The Black Skies of Danny Brackett

When darkness threatens to take Danny, he tries to hide from what he knows is inevitable.

Photo by ELIAS VICARIO on Unsplash

When the skies finally turned black, Danny Brackett stopped leaving his house. He was in his late teens, a boy forced into being a man. Before he was a young man inserted into the body of a lanky eighteen-year-old, Danny Brackett was your normal kid.

Then tragedy began to strike Danny like he was a firefly caught in the string of a lighting bolt. First his mother was eaten away by an inoperable cancer that started in her eye and moved down until her heart and lungs were consumed, leaving her a gasping, heartless, and blind woman.

At least that’s how Danny remembers his mother. Always knocking things over and wheezing his name to come help her. The day she died the skies began to dim.

Thinking about his mother makes Danny’s skin worm. That slow crawling fear that he did something wrong out of fear and there’s no changing it. But Danny doesn’t see it as that. He sees it as a symptom of the black sky crowding above.

After his mother died, his father opted to send him to live with distant relations who had a farm and were known for being stricter with the kids than their animals. Once on the vast acreage, Danny learned the run of the mill and had his rooster plucked more times than he’d like.

Despite the cruelty of his relatives, Danny loved the farm for its wide-open skies that made things seem too big to die. Until the killing started.

In a way, Danny knows that the killing didn’t just start one day, that it had been going on since he arrived at the farm and long before. The killing of animals, of childhood joy, of love, and of the sky.

Their slaughterhouse and rendering factory turned the air dark and the water red, so Danny ran away back home and to the father who didn’t want him, bringing a mess of scars on his fourteen-year-old body. Though his father treated him like an abandoned dog, leaving out scraps of food for him to eat and letting him set up a tiny room in the basement, Danny was happy.

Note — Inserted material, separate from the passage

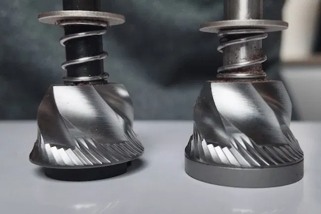 I originally thought maybe it was just the precise RPM of the motor giving it an edge, but after taking the grinders apart and looking more closely, it turns out the burr design itself is subtly different too.
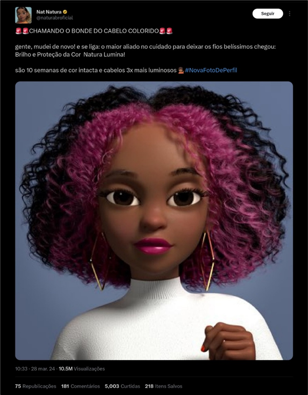 Criada em 2016 como chatbot pela Natura, a persona digital Nat foi expandida em 2018 para representar os valores da marca e, em 2019, tornou-se a “face” da empresa no X (Figura 2). No X, Nat interage com usuários e influenciadores virtuais para humanizar a marca, gerar identificação com clientes e revendedoras, e promover publicidade orgânica.

Beneath the floorboards of the house, he couldn’t see the black skies and for a time, things were again bearable. While Danny cowered in the basement pretending that every second was a blue sky outside, something inside him was brewing a storm.

On Danny’s eighteenth birthday, his father called him upstairs and explained to Danny that he was no longer welcome in his home. His father indicated with more words than was necessary that there was a darkness in Danny that he always hated and fear.

Now that Danny was eighteen, there was no legal or moral obligation for him to continue allowing the boy to fester in his basement. Out is what Danny’s father wanted him. Gone in the storm and lost to the darkness.

Unfortunately, that’s exactly what the blackness crowding Danny’s vision wanted. Out, out into the world to choke it dry and bury it beneath a mound of obsidian ash created from the charred remains of what could have been a different Danny Brackett.

A Danny Brackett who accepted the death and deterioration of his mother and saw the world for what it was and not what it appeared in his head. But that Danny Brackett was long ago set aflame by delusions and cruelty. The Danny that stood before his father on his eighteenth birthday was a different man.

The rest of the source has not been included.